Research Article | Open Access

Volume 2018 | Article ID 2154361 | https://doi.org/10.1155/2018/2154361

Increased Duodenal Iron Absorption through Upregulation of Ferroportin 1 due to the Decrement in Serum Hepcidin in Patients with Chronic Hepatitis C

Masanori Sato,¹Koji Miyanishi,¹Shingo Tanaka,¹Akira Sakurada,¹Hiroki Sakamoto,¹Yutaka Kawano,¹Kohichi Takada,¹Masayoshi Kobune,²and Junji Kato¹

Academic Editor: Alessandro Granito

Received16 Apr 2018

Revised03 Jul 2018

Accepted12 Jul 2018

Published14 Aug 2018

Abstract

Hepatic iron accumulation is generally increased in the chronic hepatitis C (CHC) liver; however, the precise mechanism of such accumulation remains unclear. We evaluated iron absorption from the gastrointestinal tract of patients with CHC and control participants. We measured the expression of a panel of molecules associated with duodenal iron absorption and serum hepcidin levels to determine the mechanism of iron accumulation in the CHC liver. We enrolled 24 patients with CHC and 9 patients with chronic gastritis without Helicobacter pylori infection or an iron metabolism disorder as control participants. An oral iron absorption test (OIAT) was administered which involved a dosage of 100 mg of sodium ferrous citrate. Serum level of hepcidin-25 was measured by liquid chromatography-tandem mass spectrometry. Ferroportin 1 (FPN) mRNA was measured by RT-PCR and FPN protein was analyzed by western blot. Samples were obtained from duodenum biopsy tissue from each CHC patient and control participant. Caco-2/TC7 cells were incubated in Costar transwells (0.4 μm pores). The OIAT showed significantly greater iron absorption in CHC patients than control participants. Serum hepcidin-25 in the CHC group was significantly lower than in the control group. Compared with control participants, duodenal FPN mRNA expression in CHC patients was significantly upregulated. The FPN mRNA levels and protein levels increased significantly in Caco-2/TC7 cell monolayers cultured in transwells with hepcidin. Lower serum hepcidin-25 levels might upregulate not only FPN protein expression but also mRNA expression in the duodenum and cause iron accumulation in patients with CHC.

1. Introduction

Hepatic iron overload has long been known to develop in patients with chronic hepatitis C (CHC) [1]. We previously revealed that excess free iron in hepatocytes promotes not only the production of reactive oxygen species (ROS) causing damage to hepatocytes and hepatic fibrosis but also increases the level of 8-hydroxy-2′-deoxyguanosine (8-OH-dG), a mutagenic base, in the liver, resulting in the development of hepatocellular carcinoma (HCC). In addition, we found that iron reduction therapy in combination with phlebotomy and a low iron diet improved hepatitis and hepatic fibrosis while normalizing the elevated 8-OH-dG level [2]. We also found that long-term iron depletion significantly reduced the incidence of HCC in patients with CHC (F2/F3 grade) [3]. However, the precise mechanisms involved in iron overload remain to be clarified.

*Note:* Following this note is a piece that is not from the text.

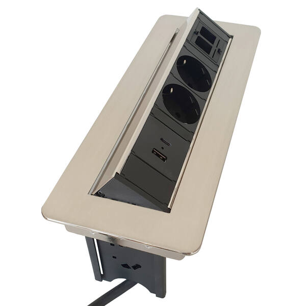 EXIT TIP MULTIPRESAESA A SCOMPARSA CON APERTURA "PUSH TO OPEN" CONFIGURAZIONE 1 USB/A, 1 USB/C, 2 PRESE , 2 SPAZI KEYSTONE)

The body’s iron supply is obtained largely by iron absorption from the intestine and reabsorption from hemoglobin in the reticuloendothelial system [4]. Intestinal iron absorption is mainly from the duodenum. Two iron transport proteins, divalent metal transporter 1 (DMT1) and ferroportin 1 (FPN), are expressed in duodenal enterocytes [4, 5]. Hepcidin is a 2.7 kDa peptide consisting of 25 amino acids that is produced mainly in hepatocytes and acts as a major regulator of iron homeostasis [6]. Hepcidin affects macrophages, Hela cells, or human embryonic kidney cells, so that they regulate iron efflux and storage and the duodenum so that it inhibits iron absorption [7–9]. Although several reports have shown decreased expression of hepcidin in CHC patients [10, 11], no reported study has investigated the dynamics of iron absorption in patients with nonalcoholic steatohepatitis.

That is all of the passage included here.